Query ──► BM25 Sparse Search  ─┐
                                ├──► RRF Fusion ──► Cross-Encoder Rerank ──► Top-K Chunks
Query ──► Vector Dense Search ─┘

Tech Stack

Layer Technology
API FastAPI 0.115, Uvicorn, Server-Sent Events
Agent Framework LangGraph (StateGraph), LangChain
LLM Google Gemini 2.5 Flash (langchain-google-genai)
Embeddings HuggingFace all-mpnet-base-v2 (768-dim)
Vector Store ChromaDB 0.5
Sparse Search BM25 (rank-bm25)
Reranker cross-encoder/ms-marco-MiniLM-L-6-v2
PDF Parsing pdfplumber + Unicode normalization
Chunking RecursiveCharacterTextSplitter (800 tokens, 100 overlap)
UI Streamlit (dark theme, SSE streaming, PDF viewer)
Evaluation RAGAS (faithfulness, answer relevancy, context precision/recall)
Testing pytest + ruff
CI/CD GitHub Actions
Container Docker + docker-compose

Quick Start

Option 1 — Docker (Recommended)

# 1. Clone the repo
git clone https://github.com/robayedl/documind.git
cd documind

# 2. Set your API key
cp .env.example .env
# Edit .env and add: GOOGLE_API_KEY=your_key_here

# 3. Launch everything
docker compose up --build

Option 2 — Local Development

Prerequisites: Python 3.12, pip

# 1. Clone & enter directory
git clone https://github.com/robayedl/documind.git
cd documind

# 2. Create virtual environment
python -m venv .venv
source .venv/bin/activate      # Windows: .venv\Scripts\activate

# 3. Install dependencies
pip install -r requirements.txt

# 4. Configure environment
cp .env.example .env
# Edit .env and set GOOGLE_API_KEY

# 5. Start backend (terminal 1)
uvicorn app.main:app --reload --port 8000

# 6. Start UI (terminal 2)
streamlit run ui/streamlit_app.py --server.port 8501

API Documentation

Method Endpoint Description
GET /health Health check — returns status and environment
POST /documents Upload a PDF file, returns doc_id
POST /documents/{doc_id}/index Parse, chunk, and index a document
GET /documents/{doc_id}/file Download the original PDF
POST /query Ask a question, get a full JSON response
POST /query/stream Ask a question, receive SSE streaming tokens

Example: Upload and query a PDF

# Upload
DOC_ID=$(curl -s -F "file=@document.pdf" http://localhost:8000/documents \
  | python3 -c "import sys,json; print(json.load(sys.stdin)['doc_id'])")

# Index
curl -s -X POST http://localhost:8000/documents/$DOC_ID/index

# Query (full response)
curl -s -X POST http://localhost:8000/query \
  -H "Content-Type: application/json" \
  -d "{\"doc_id\": \"$DOC_ID\", \"question\": \"What is this document about?\"}"

# Query (streaming)
curl -N -X POST http://localhost:8000/query/stream \
  -H "Content-Type: application/json" \
  -d "{\"doc_id\": \"$DOC_ID\", \"question\": \"Summarize the key points.\"}"

Environment Variables

Variable Default Description
GOOGLE_API_KEY Required.

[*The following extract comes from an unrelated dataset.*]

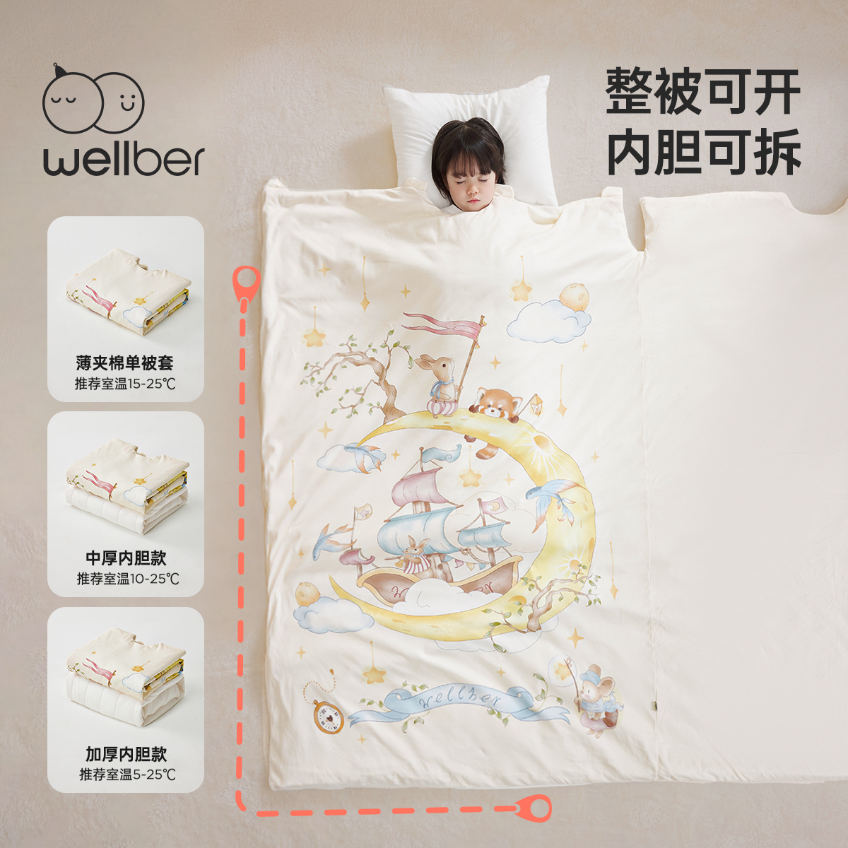 威尔贝鲁儿童防踢被子四季通用恒温一体式中大童宝宝睡袋保暖被式

Google AI Studio API key
STORAGE_DIR ./storage Directory for uploaded PDFs
CHROMA_DIR ./chroma_db ChromaDB persistence directory
CORS_ORIGINS http://localhost:8501 Comma-separated allowed origins
BACKEND_URL http://localhost:8000 Backend URL for Streamlit UI

Running Tests

# Run full test suite
pytest -q

# Run with coverage
pytest --cov=rag --cov=app -q

# Lint
ruff check .

RAGAS Evaluation

Evaluate pipeline quality with RAGAS metrics: faithfulness, answer relevancy, context precision, and context recall.

# 1. Upload and index your PDF (see API section above)

# 2. Update eval/test_queries.json with your doc_id and ground truth answers

# 3. Run evaluation
python eval/run_eval.py --doc-id <your_doc_id>

# 4. View results
cat eval/results.json

Pass criteria: faithfulness ≥ 0.70 and answer_relevancy ≥ 0.70


Project Structure

documind/
├── app/
│   ├── main.py              # FastAPI app — all routes + SSE streaming
│   └── storage.py           # doc_id generation, file path helpers
│
├── rag/
│   ├── agents/
│   │   ├── graph.py         # LangGraph StateGraph — full pipeline
│   │   ├── router.py        # Query router (retrieve vs. direct)
│   │   ├── grader.py        # Document relevance grader
│   │   ├── generator.py     # Answer generator (Gemini + chat history)
│   │   ├── hallucination.py # Groundedness checker
│   │   ├── rewriter.py      # Query rewriter for retry loop
│   │   └── memory.py        # Per-session conversation memory
│   ├── chains/
│   │   ├── retrieval.py     # Hybrid search + RRF fusion
│   │   └── rerank.py        # Cross-encoder reranker
│   ├── ingest.py            # PDF parsing (pdfplumber), chunking, indexing
│   ├── llm.py               # Gemini LLM + HuggingFace embeddings
│   └── store.py             # ChromaDB interface (collection versioning)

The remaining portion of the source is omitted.